Bollicine su Trento si apre con un leggerissimo spruzzo di neve e con un’aria frizzante che preannuncia l’effervescente degustazione in programma. Trentodoc infatti è una fenomeno sempre più importante nel mondo delle bollicine: 8 milioni di bottiglie e un fatturato di 70 milioni di euro contro  9,5 milioni di bottiglie e 140 milioni di euro quelli del Franciacorta mentre a  293 milioni di bottiglie e 3,7 miliardi di euro si piazza lo Champagne…

Negli ultimi dieci anni la crescita dei consumi di bollicine è tangibile, i produttori nostrani esauriscono le produzioni, francesi e spagnoli aumentano costantemente ma la crisi finanziaria dal 2008 ad oggi crea spazi più importanti per bollicine meno pregiate rispetto al più costoso metodo classico nelle sue diverse accezioni territoriali.
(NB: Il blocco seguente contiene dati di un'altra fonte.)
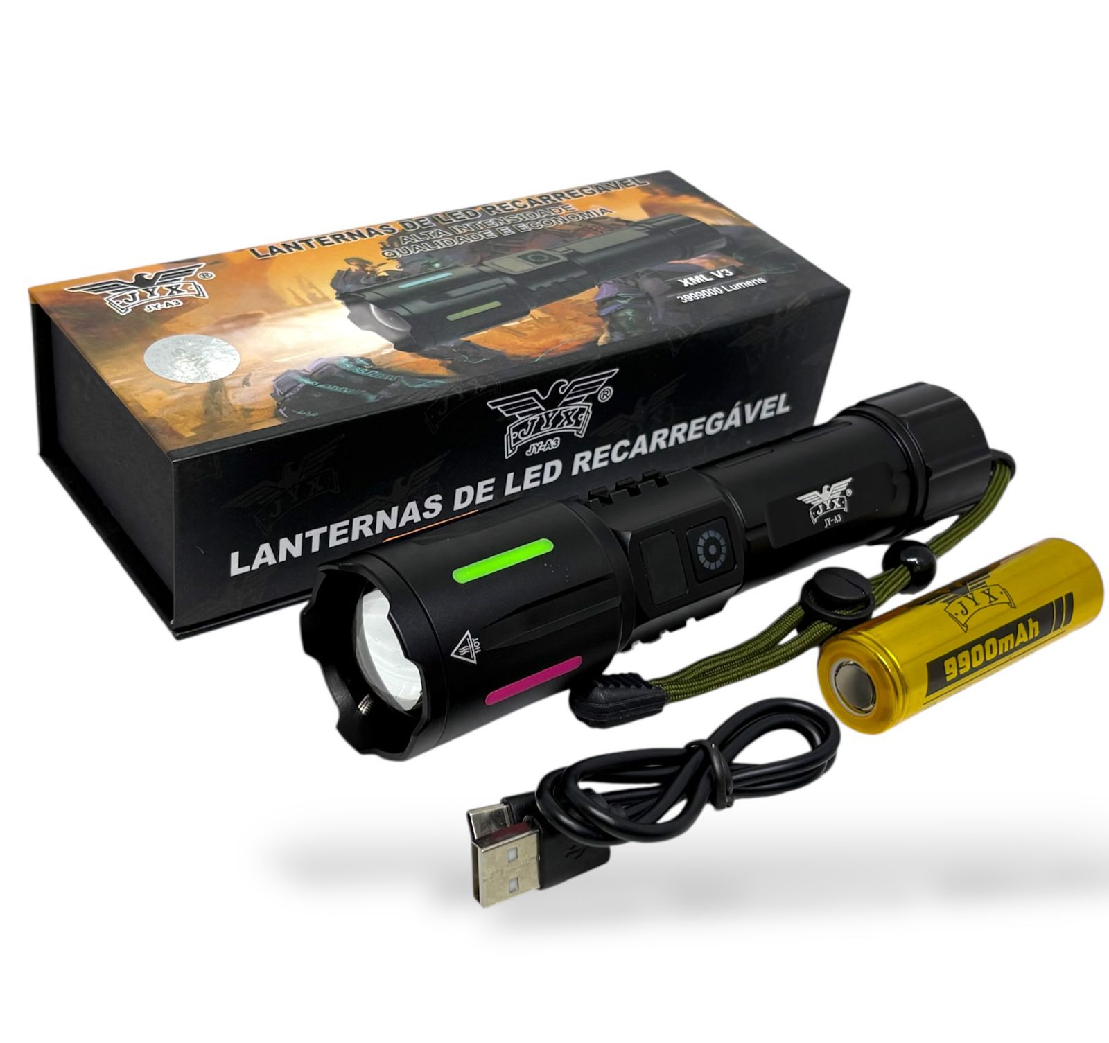 Lanterna JY-A3 * LED de mão, com foco laser branco ajustavel, corpo colorido, bateria recarregável, cor preta.

Le cifre emergono dalla dettagliata relazione di Giles Followfields, esperto internazionale di Champagne e vini spumanti che ha rappresentato il momento di maggior interesse di un convegno in cui si voleva a tutti i costi cercare argomentazioni interessanti ma che languiva spesso in clamorose banalità. Ancora una volta l’ennesima disputa sulla volontà di individuare un nome per le bollicine metodo classico italiane perchè abbiano una propria riconoscibilità a livello internazionale; come se gli esempi del passato non abbiano insegnato nulla. Non c’è “talento” che tenga se le denominazioni sono territoriali e i numeri di produzione e vendita ci piazzano molto distanti da francesi e spagnoli. Ma la strada intrapresa è quella giusta, bisogna solo comunicare di più, a meno che non si voglia unificare la bollicina italiana sotto l’unica possibile denominazione territoriale che possa accomunare tutte le diverse produzioni: Italia DOC, magari con allegato il cd di Modugno che canta “Volare, oh oh!!”.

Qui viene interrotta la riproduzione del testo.